Securely providing Secrets

Most Flowman projects need to provide some sort of secrets (database credentials, S3 secrets, …) to external systems for being able to access them. This opens the question about a best practice how to provide those secrets to a Flowman project in a secure manner.

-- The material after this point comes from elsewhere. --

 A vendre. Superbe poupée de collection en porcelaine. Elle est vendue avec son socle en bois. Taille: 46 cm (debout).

In order to securely provide secrets to Flowman, there are two ways:

  1. Provide secrets via system environment variables, which then can be accessed in Flowman
  2. Provide secrets stored in an external file, which then can be read by Flowman

Both approaches will extract the secret and store it in a Flowman environment variable. To prevent Flowman from printing the secret onto the console, it is enough when the variable name ends with “credential”, “secret” or “password”. In this case, Flowman will redact the value when logging the environment onto the console.

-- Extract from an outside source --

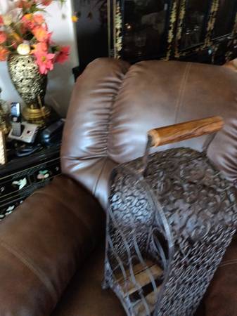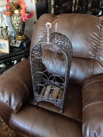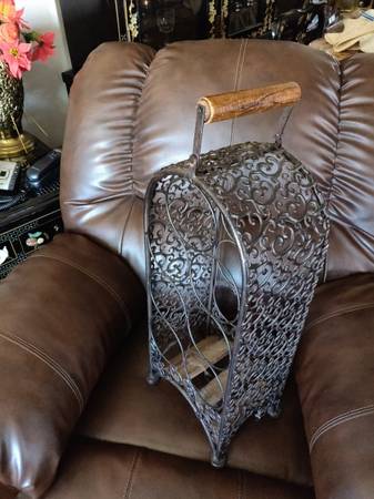 Black Decorative wine metal holder with a wooden base and a wooden handle. Can be also used as a decoration.

Using environment variables

By using the $System.getenv template function, you can access environment variables within Flowman. For example for extracting database credentials from system environment variables, you could proceed as follows:

environment:
  - frontend_db_driver=$System.getenv('MYSQL_DRIVER', 'com.mysql.cj.jdbc.Driver')
  - frontend_db_url=$System.getenv('MYSQL_URL')
  - frontend_db_username=$System.getenv('MYSQL_USERNAME')
  - frontend_db_password=$System.getenv('MYSQL_PASSWORD')

connections:
  frontend:
    kind: jdbc
    driver: "$frontend_db_driver"
    url: "$frontend_db_url"
    username: "$frontend_db_username"
    password: "$frontend_db_password"

relations:
  advertiser_setting:
    kind: jdbcTable
    connection: frontend
    table: "advertiser_setting"
    schema:
      kind: inline
      fields:
        - name: id
          type: Integer
        - name: business_rule_id
          type: Integer
        - name: rtb_advertiser_id
          type: Integer

Then you only need to populate the system environment variables MYSQL_DRIVER, MYSQL_URL, MYSQL_USERNAME and MYSQL_PASSWORD before starting Flowman. This approach fits well to deployments where Flowman runs inside Kubernetes, but can also be used in many other scenarios.

Using external files

Another viable approach is to provide secrets via files. Flowman can read any file via the template function $File.read, which will simply return the files content. Moreover by using the template function $JSON.path you can parse any JSON content. An example might look as follows:

environment:
  - sql_host=jdbc:sqlserver://$JSON.path($File.read($System.getenv('MSSQLSERVER_SECRETS')), '$.secret[?(@.key=="sql-host-name")].value')
  - sql_username=$JSON.path($File.read($System.getenv('MSSQLSERVER_SECRETS')), '$.secret[?(@.key=="sql-db-username")].value')
  - sql_password=$JSON.path($File.read($System.getenv('MSSQLSERVER_SECRETS')), '$.secret[?(@.key=="sql-db-password")].value')
  - sql_database=$JSON.path($File.read($System.getenv('MSSQLSERVER_SECRETS')), '$.secret[?(@.key=="sql-db-name")].value')

connections:
  datahub:
    kind: jdbc
    driver: "com.microsoft.sqlserver.jdbc.SQLServerDriver"
    url: jdbc:sqlserver://$sql_host
    username: $sql_username
    password: $sql_password
    properties:
      databaseName: $sql_database

Then you need to store the secrets in a JSON file stored on the local file system where Flowman is executed. Using the JSON paths as defined above, the file needs to look as follows:

{
  "secret": [
    {
      "key": "sql-db-username",
      "value": "my-sql-username"
    },
    {
      "key": "sql-db-password",
      "value": "my-secret-password"
    },
    {
      "key": "sql-db-name",
      "value": "MY_DATABASE"
    },
    {
      "key": "sql-host-name",
      "value": "sql-database.windows.net:1433"
    }
  ]
}

Finally, you need to set the system environment variable MSSQLSERVER_SECRETS to point to the corresponding file before starting Flowman. This additional indirection is not strictly required, but helps to decouple Flowman configuration from deployment logic.